Payday Super is coming. The software will adapt. But your cash flow needs to as well.
5 min | Nathan Watt

From 1 July 2026, superannuation will shift from quarterly payments to payday payments. The government calls it “Payday Super

Forget the marketing spin. Forget the “system improvements”. The biggest change here is simple:

You will no longer get to hold onto super for up to three months. You’ll need to pay it every time you pay wages.

And that means cash flow is about to come under the spotlight (even more so).

What's Changing?

Right now, employers can pay super quarterly. So if you pay wages weekly, you still only remit the super every three months (within 28 days of the end of the quarter). That gap creates a natural cash buffer in your business.

Under the new rules, from 1 July 2026, super must be paid at the same time as wages, or more precisely reach the fund within seven business days of payday.

That’s the short and curlies of it.

Why is the government doing this?

Because late super is rampant. Billions of dollars every year go missing, underpaid, or paid late. And quarterly cycles make it very easy to “borrow” super money to plug holes.

Payday Super removes that wiggle room and gives the ATO real-time visibility.

Under Payday Super:

  • The ATO will see non-payment immediately
  • Patterns of late payments will be obvious
  • They can nudge, review, or investigate sooner
  • Debts accumulate quicker
  • Director Penalty Notices will follow faster

The entire system is being redesigned to flag non-payment in real time.

What happens if you pay super late?

Here’s where the pain really kicks in, and I’ve written about before

Late super isn’t just “pay it when you can”.
Late super triggers the Superannuation Guarantee Charge (SGC), and SGC is ugly.

If you pay super late, you must:

  1. Lodge an SGC form with the ATO
  2. Pay interest of 10 percent
  3. Pay an administration fee of $20 per employee, per quarter
  4. Recalculate super on OTE plus overtime, which increases the liability
  5. Lose the tax deduction for that super, forever

Let’s repeat that last point because it’s the kicker.

Late super is not tax deductible. Ever.

Paying super late is one of the fastest ways to:

  • Create surprise tax bills
  • Drain your cash flow
  • Trigger director penalties
  • Get stuck in an ATO payment plan

Under Payday Super, the frequency of payments goes up, but the consequences remain exactly the same.
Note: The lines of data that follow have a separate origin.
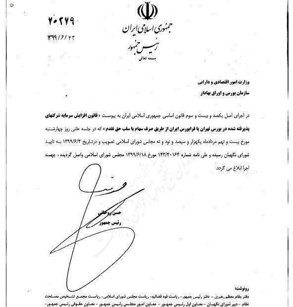 در این نامه آمده است: در اجرای اصل یکصد و بیست و سوم قانون اساسی جمهوری اسلامی ایران به پیوست « قانون افزایش سرمایه شرکتهای پذیرفته شده در بورس تهران با فرابورس ایران از طریق صرف سهام با سلب حق تقدم، که در جلسه علنی روز چهارشنبه مورخ بیست و نهم مردادماه یکهزار و سیصد و نود و نه مجلس شورای اسلامی تصویب و در تاریخ ۱۳۹۹/۶/۴ به تایید شورای نگهبان رسیده و طی نامه شماره ۱۶۴۰۱۴۳/۴ مورخ ۱۳۹۹/۶/۱۸ مجلس شورای اسلامی واصل گردیده و جهت اجرا ابلاغ می گردد.
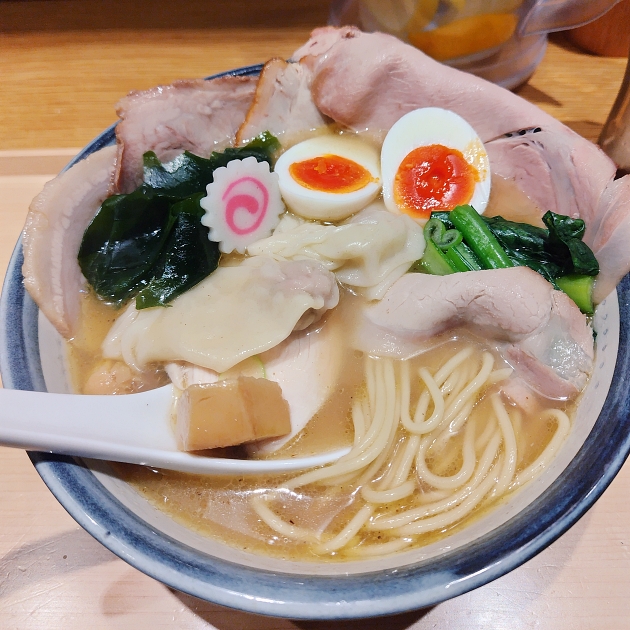 洋風な動物感を感じる繊細なスープに叉焼の薫香と若布の磯感がON🍜スープは慎ましくも、ツルッとした中太麺からはしっかり味がします🤤6種の叉焼や、雲呑の大きな皮が食べ応えアリアリ🤩味変のノリが良く、特にさっぱり生姜が抜群の相性✨美味い😋
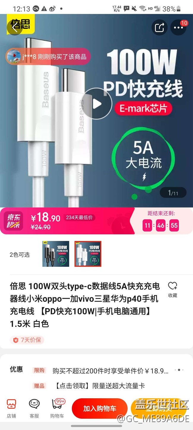 帖子名稱 請(qǐng)問這款倍思Type-C線能替代原裝線給s20快充嗎?

Except now the ATO will see your non-payment immediately instead of three months later.

This means faster action, faster penalties, and less time to fix mistakes before the ATO gets involved.

The Real Issue: Cash Flow

The real issue: cash flow

Let’s talk about the part most business owner’s underestimate.

Quarterly super gives you a buffer

Your cash flow system is currently used to paying super quarterly (or monthly or whatever you currently do).  So, any change to the norm, is going to create some waves. For some it will merely be a ripple for others a dumper.

So, get in front of this and prepare a 13-week cash flow forecast. Take last quarters cash ins & outs, and crtl + C, crtl V that into a new sheet, now move the super to each pay period, and have a look at the bottom line.

The total amount doesn’t change, but the timing does.  If you’re losing money, you’re going to lose it quicker. Christmas shut down 2027 just drained the bank accounts.

If you don’t know how to do a 13-week cash flow, pay someone who can, like us.

Other Changes

There’s a few other technical changes that you don’t really need to worry about unless you like obtuse definitions of things.

The only other big deal is the ATO Small business clearing house is shutting down. If you don’t know what that is, just scoll down to the next section because this has no impact for you.

For those that use the SBCH you need to find another solution, and that won’t be free. So, pick a clearing house, ideally something that works well (e.g automatically) with your accounting/payroll system and get yourself up to speed well before 1 July.

Payroll changes take time. So don’t leave it to the last minute.

Will software fix everything?

Probably. Xero, MYOB, Employment Hero and the rest will update their systems. In fact, they’ve already been preparing.

But software can’t fix:

  • Your cash flow
  • Your payroll timing
  • Your pricing
  • Your business habits
  • Your slow-paying customers
  • Your bank account being empty on payday

The bottleneck is not the software.
The bottleneck is your cash flow discipline.

The Upside

Yes, Pay Day Super will cause some disruption to your business as usual.  But look at the upside. Unpaid super is automatically a personal liability of the directors. No corporate veil will save you.  But if the super is squared away each pay run, then you as the director can’t be liable for it.

That’s a win.

What employers should do now
  • A cash flow forecast

Work out what this is going to do to the ebbs and flows of your bank balances. If you need to get a working capital facility to help fund shortfalls then speak to your lender early. They will want a cash flow forecast anyway.

  • Start paying super more frequently now

If you pay quarterly today, move to monthly or fortnightly immediately.

Get your cash flow used to the new rhythm before it becomes mandatory.
Waiting until June 2026 will guarantee chaos.

  • Build super into every payroll run

Think of super the same way you think of wages and PAYG withholding.
It’s not optional, not flexible, not “when I get to it”. Click the auto super button after you click file to STP.  Done, move on, don’t need to worry about it.

  • Separate wages and super into different bank accounts from your transaction account

This forces discipline and stops accidental spending. Make sure there is enough cash in the wages, & super accounts each week to cover that week’s wages (even if you pay fortnightly or monthly).  Bonus points for also providing for the PAYG Withholding.

In summary

If you don’t prepare early, you will feel this change in your bank balance, and possibly in communications from the ATO.

Start now, ease yourself into the new rhythm, and by 1 July 2026 you’ll be the calm one while everyone else is melting down.